Como já era esperado, a proposta do vereador Joel Garcia (PP) que transformava o Bosque Marechal Cândido Rondon, o Bosque Central, em área de preservação permamente (APP) foi vetada. O secretário municipal do Ambiente, José Novaes Faraco, afirmou que a ideia era inviável.

Guto Rocha  / Arquivo pessoal
Código Ambiental veta transformação de bosque em APP - Gusto Rocha
Município quer reabrir rua que divide bosque ao meio
"É um desconhecimento total propor isso. Em uma APP não pode ter nada. Nós teríamos que retirar o parque infantil, a mesa de ping pong, a quadra de esportes. O conceito de APP não permite nenhuma atividade", disse. A ideia da prefeitura é reabrir a Rua Piauí, que dividia as duas partes do bosque, o que seria invibializado, caso a emenda do vereador fosse aprovada.
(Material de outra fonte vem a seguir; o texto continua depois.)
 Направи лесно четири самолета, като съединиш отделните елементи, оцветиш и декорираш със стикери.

Grande parte dos artigos que discorriam sobre a educação ambiental também foram vetados. "Isso cabe ao Plano Plurianual. O prefeito que é eleito deve ter escolhas para fazer, isso não pode ser engessado. O Código deve apenas estabelecer normais gerais", defendeu Faraco.
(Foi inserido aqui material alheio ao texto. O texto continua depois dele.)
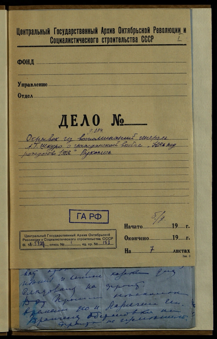 | Fonds | Denikin Anton Ivanovich, Lieutenant-General, Commander-in-Chief of the Armed Forces in the South of Russia |
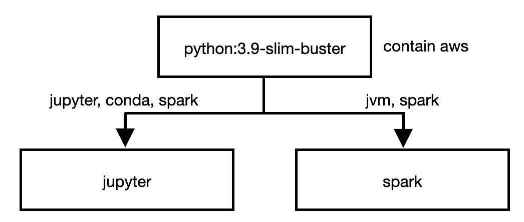 - 해당 베이스 이미지에 jvm 및 spark 를 구축하면 보다 깔끔하게 이미지를 관리할 수 있을 것 같다는 생각이 듭니다. 하지만 이 경우 os가 달라짐에 따라 의존성/호환성에 문제가 발생할 수 있고, 테스트가 필요합니다.
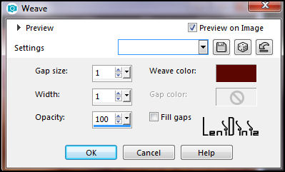 13- Effects > Texture Effects > Weave. 14- Selections > Invert. Effects > 3D Effects > Drop Shadow: 0, 0, 100, 50 color #000000. 15- Edit > Copy no decor_leni_noah-2 No trabalho... Ferramenta Pick Tool: Position X: 781 Position Y: 112. Effects > 3D Effects > Drop Shadow: 1, 1, 100, 1 color #000000. 16- Edit > Copy no decor_leni_noah-3 No trabalho... Ferramenta Pick Tool: Position X: 20 Position Y: 21. Effects > 3D Effects > Drop Shadow: 1, 1, 100, 1 color #000000. 17- Edit > Copy no tube principal No trabalho... Resize se for necessário: o tube do material foi de 78%. Posicionar à esquerda Adjust > Sharpness > Sharpen. Effects > 3D Effects > Drop Shadow como preferir. 18- Edit > Copy no título_leni_noah. No trabalho... Edit > Paste as New Layer. Posicionar onde preferir Effects > 3D Effects > Drop Shadow à gosto. 19- Image > Add Borders: 2px - symmetric - color: #531d0f (Background cor escura)

A proposta de aumentar a participação da sociedade no Consemma não foi aprovada e foi mantida a proporção de 50% de membros da sociedade civil organizada e 50% do poder público. Para o secretário do Ambiente, o Consemma atualmente tem sua função distorcida. "O conselho deveria ser um órgão consultivo, com técnicos especializados, mas isso não acontece, por isso não adianta aumentar as vagas para a população", disse.
O presidente do Consemma, Fernando Barros, disse que a tendência do aumento da participação da sociedade acontece em todo o Brasil, mas minimizou os resultados do veto. "Nas conferências, há um desejo que o público participe mais. Na Conferência Nacional, por exemplo, apenas 20% é do poder público, mas nós vamos continuar trabalhando e acreditamos que o Código foi um ponto positivo para a política ambiental", disse.
Barros defende que a legislação trouxe avanços na questão do licenciamento ambiental. "O Instituto Ambiental do Paraná (IAP) não está dando conta do trabalho. É importante que a prefeitura comece a fazer o licenciamento para as atividades de menor impacto", comentou.
No novo Código Ambiental, os poderes da Secretaria Municipal do Ambiente foram ampliados. Cabe a ela, agora, dar licenciamento ambiental a alguns tipos de empreendimento. A publicação é uma das oito leis complementares ao Plano Diretor de Londrina.